When movies take on elements of games, it’s almost always in a big, referential way. Adaptations such as Sonic the Hedgehog or Super Mario Bros. bring game characters into traditional film storytelling, with things like Sonic’s rings or Mario’s mushroom serving new story roles. Movies like Scott Pilgrim vs. The World or Free Guy use game elements as jokes in and of themselves–something you recognize as being “from a video game” and therefore funny or interesting through juxtaposition.
Hundreds of Beavers feels different because it uses the features of video games the same way it uses the features of cartoons. Menu-like icons aren’t popping up onto the screen to make you laugh at the use of a game idea in a movie context, but to convey particular information, just like they would in a game. In a way I’ve never seen before, Hundreds of Beavers uses the visual language of video games to inform its comedy, putting games on equal footing alongside its other slapstick inspirations.
The look, feel, and design of something like Mario or Hollow Knight is just as much at play here as the sight gags of Bugs or Buster.
“Even though there have been video-game adaptations over the last 10, 20 years, there haven’t been a ton of movies that have incorporated video game grammar in an interesting way into film, so we tried to do that,” Cheslik, who also edited the movie and crafted its visual effects, told me in an interview. “For me, growing up playing Mario and watching Buster Keaton from the library all at the same time, I view those as the same camera, a wide shot with no extraneous information. Just our hero, you know, his body in a wide [shot], you can’t really read his expression or emotions. He’s communicating with his body. And it’s a frame that’s about him and his physical obstacle, in kind of a locked-off frame.”
Most games are composed of long stretches that don’t carry any dialogue, where everything is conveyed physically and visually on screen, and that language transfers well to a movie like Hundreds of Beavers. Its use is most apparent in the second act, which fully takes on the spirit of something like an RPG.

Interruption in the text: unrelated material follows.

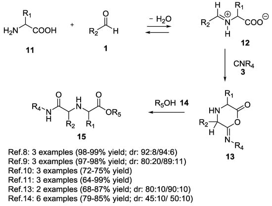 In 1996, Ugi et al. described the first Ugi 5C-4CR using an α-amino acid as a starting bi-functional material to yield 1,1′-iminodicarboxylic acid derivatives (97–99% yield, Scheme 2) [,,,,,,]. In the proposed reaction mechanism (Scheme 2) the amine functional group of the α-amino acid condenses with the aldehyde 1 to give the imine 12. The subsequent α-addition of the isocyanide followed by the intramolecular interception of the nitrilium ion, forms an O-acylamide 13. The nucleophilic attack of the fourth component (the alcohol, i.e., the fifth reacting center) 14 at the carboxylic carbon atom and the subsequent rearrangement provides the 1,1′-iminodicarboxylic acid ester derivative 15. Notably, the side chain of tri-functional α-amino acids (L-Serine, L-Threonine, L-Tyrosine, L-Asparagine, L-Glutamine, L-Methionine) did not participate in the Ugi reaction.

Jean’s progress is conveyed through scene after scene of him setting traps, watching them fail, and iterating on his process, with tons of jokes along the way. As Jean traps more animals, he’s able to exchange the pelts for new items, like a knife, a rope, and a rifle, which he then uses to improve his traps and solve problems–a sequence that evokes RPGs and metroidvanias. Cheslik said the filmmakers intentionally designed the second act to be like watching a Let’s Play video, with viewers watching Tews “play the entire damn game.”
“It’s his Joseph Campbell hero’s journey, from being an alcoholic who could barely survive in the snow, to a man who is killing hundreds of beavers and facing the consequences for it,” Cheslik explained. “That journey of becoming better is not told in a truncated montage. It’s not told through elliptical edits of the Rocky montage of him getting better–you actually watch Ryland play the whole video game, you watch him catch every beaver, you watch him get every item and then apply those items to the levels, basically, of his loop.”

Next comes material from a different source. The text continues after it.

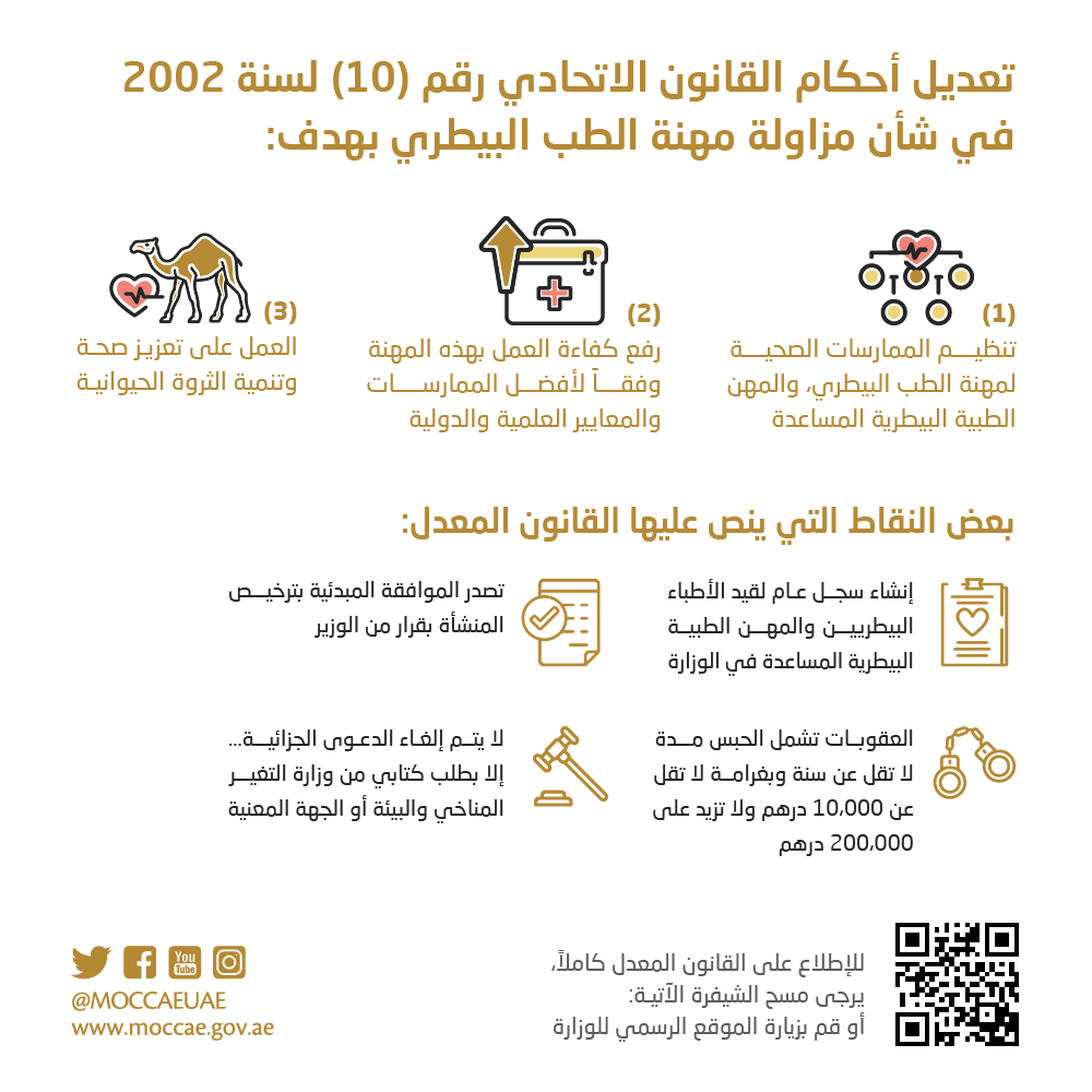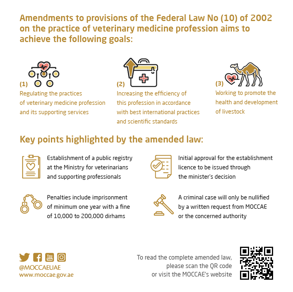 أصدر صاحب السمو الشيخ خليفة بن زايد آل نهيان رئيس الدولة حفظه الله القانون الاتحادي رقم (8) لسنة 2017 بتعديل بعض أحكام القانون الاتحادي رقم (10) لسنة 2002 في شأن مزاولة مهنة الطب البيطري والذي يهدف إلى تنظيم الممارسات الصحية لمهنة الطب البيطري، والمهن الطبية البيطرية المساعدة ورفع كفاءة العمل بهذه المهنة وفقا لأفضل الممارسات والمعايير العلمية والدولية في ضوء التشريعات المعمول بها للعمل على تعزيز صحة وتنمية الثروة الحيوانية في الدولة طبقاً لأفضل الممارسات والمعايير العلمية والدولية وبما يتوافق مع النظام الخليجي لمزاولة مهنة الطب البيطري.

The movie also tracks how many beaver furs Jean has as he catches them like you’d see in a game. It plays as a visual joke, with a little beaver icon briefly popping up with a number beside it whenever Jean successfully defeats one of the semiaquatic rodents, but it also conveys his progress and advancement in skill.

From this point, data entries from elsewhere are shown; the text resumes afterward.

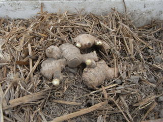 根ショウガの種は新芽が少くないので種の大きさも大きい根塊(200〜250g)が必要です。
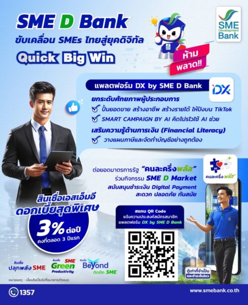 1 min read การเงิน-การลงทุน SME D Bank ขับเคลื่อนนโยบาย Quick Big Win ชูแพลตฟอร์ม “DX” 17 ตุลาคม 2025 admin
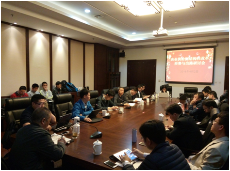 2016年4月2日,由爱爱网 农业发展与环境政策研究中心举办的“农业供给侧结构性改革:形势与出路”研讨会在爱爱网 国学馆123会议室举行。来自国务院研究室农村司、国务院发展研究中心农村部、农业部农村经济研究中心、中粮集团战略部研究部、中储粮总公司办公厅、国家粮食局研究培训中心、中央财经大学经济学院和农业发展与环境政策研究中心的20多位专家参与了讨论。

“The idea of an inventory of a protagonist in a movie, having a consistent inventory, is fun to me too,” Cheslik said. “And I don’t know other movies that have done that. I think James Bond and any kind of, like, Chekhov’s gadget is like an inventory where you get your item from Q and it pays off later. But in our case, we’re also keeping track of the money of the number of beavers he has at any point, and then he spends it on items and it goes back to zero. I don’t know if that’s been done in other movies, but we just love that from games.”
Something else that works to the advantage of Hundreds of Beavers is how elements in games that players may otherwise find unremarkable can be funny in other contexts. When Jean climbs a tree, he shimmies up the trunk with Nintendo Entertainment System Mario-like moves. Those animations aren’t necessarily funny when Mario does them, but when they’re acted out by Tews, they become much goofier.
Game visual gags are everywhere in Hundreds of Beavers. A late sequence inside a castle-like beaver dam has Jean sneaking around, avoiding the view of beaver guards and riding logs and conveyor belts just like something out of Ratchet & Clank or Oddworld. A later log-flume chase has the feel of something like Crash Bandicoot, complete with a joke in which Jean and some beavers leap over obstacles while running atop a spinning log, only for one beaver to jump much too early, exactly like “in Mario Party when your friend jumps too early and Luigi eats shit,” Cheslik joked.
Even the logic of some story elements has a video-game feel, and Hundreds of Beavers consistently finds what’s hilarious about something that players might take for granted. At one point, Jean steps on a pine cone that goes straight through his bare foot, causing him to scream in hilarious pain. Soon after, though, he realizes he can use the strength of his voice to drive rabbits out of their underground warrens and into traps. Jean doesn’t just shout into the tunnels, though–he steps on another pine cone, deliberately this time, to create the desired effect. It feels like the solution to an old Sierra or LucasArts adventure game puzzle, something that’s just one step beyond intuitive, and the joke of seeing Jean turn a negative experience to his advantage heightens the payoff.
Another gag has a trap with a spiked log that spins like a pinwheel, meant to swing down from above and nail its quarry. Of course, things go awry, with the spinning log speeding up so much it works like a fan. Later, Jean uses the fans to create channels of flowing air to trap even more beavers.
“I just did that last night in Animal Well,” Cheslik joked when I mentioned the fans’ game-like logic.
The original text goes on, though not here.